What we do to avoid falling for it
I'm not going to give you a list of ten commandments. I'll tell you the three things that actually work for us day-to-day.
The first is the most obvious and the best-working: run it through another model. If Claude generated it, have GPT review it. If GPT generated it, have Claude or Gemini review it. Each model has different biases, and what one approves, the other questions. It's exactly what saved us with the tax return. It isn't infallible, but it raises the bar enormously.

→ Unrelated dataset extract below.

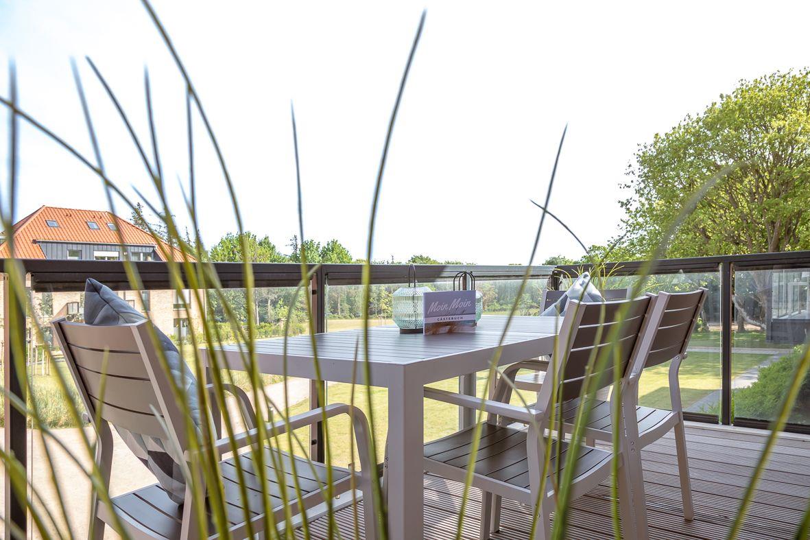 Moderne, barrierearme Ferienwohnung Fieta am Südstrand von Wyk auf Föhr mit Balkon und kurzer Strandnähe.
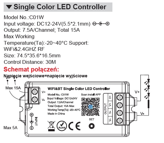 Kontroler sterownik do LED monokolor zdalne sterowanie smartfonem Smart Life

The second: ask the AI what it has assumed. A simple "what assumptions did you make here?" after getting the result. The big errors almost never sit in the visible data; they sit in the invisible premises. The model assumed you file through module-based taxation when you file through direct estimation, or that your company is in the general VAT scheme when it's in the simplified one. Surface the premises and half the false positives fall away on their own.
The third: take the heaviest data point and verify it by hand. Not everything. One thing. The most important figure, the strongest claim, the data point that most shapes the conclusion. If that holds, the rest has some credibility. If it falls, throw the lot in the bin.
Three steps that take five minutes total. Have they kept us from publishing articles with fake data, sending compromising emails and filing an incorrect tax return? Yes.
AI doesn't replace verification — it makes it more necessary than ever
I don't have any issue with artificial intelligence. I use it more hours a day than I'd like to admit. It makes me more productive than I was two years ago, and that's a fact.
But productivity without verification is speed without direction. You get there sooner, but you don't know where.
The guy on LinkedIn celebrating his €3,000 might be right. Or he might get a tax assessment letter in September that costs him quite a bit more than €3,000. The difference between one scenario and the other isn't which AI he used. It's whether someone — a second model, an accountant, him with a calculator — checked the result before hitting send.
If you work with artificial intelligence, work with a filter too. It doesn't need to be expensive, slow or sophisticated. It just needs to exist.
Because the biggest problem with AI isn't when it gets things wrong and you see it. It's when it gets things wrong and you don't. And from the experience of someone living this every day: it happens more than you think.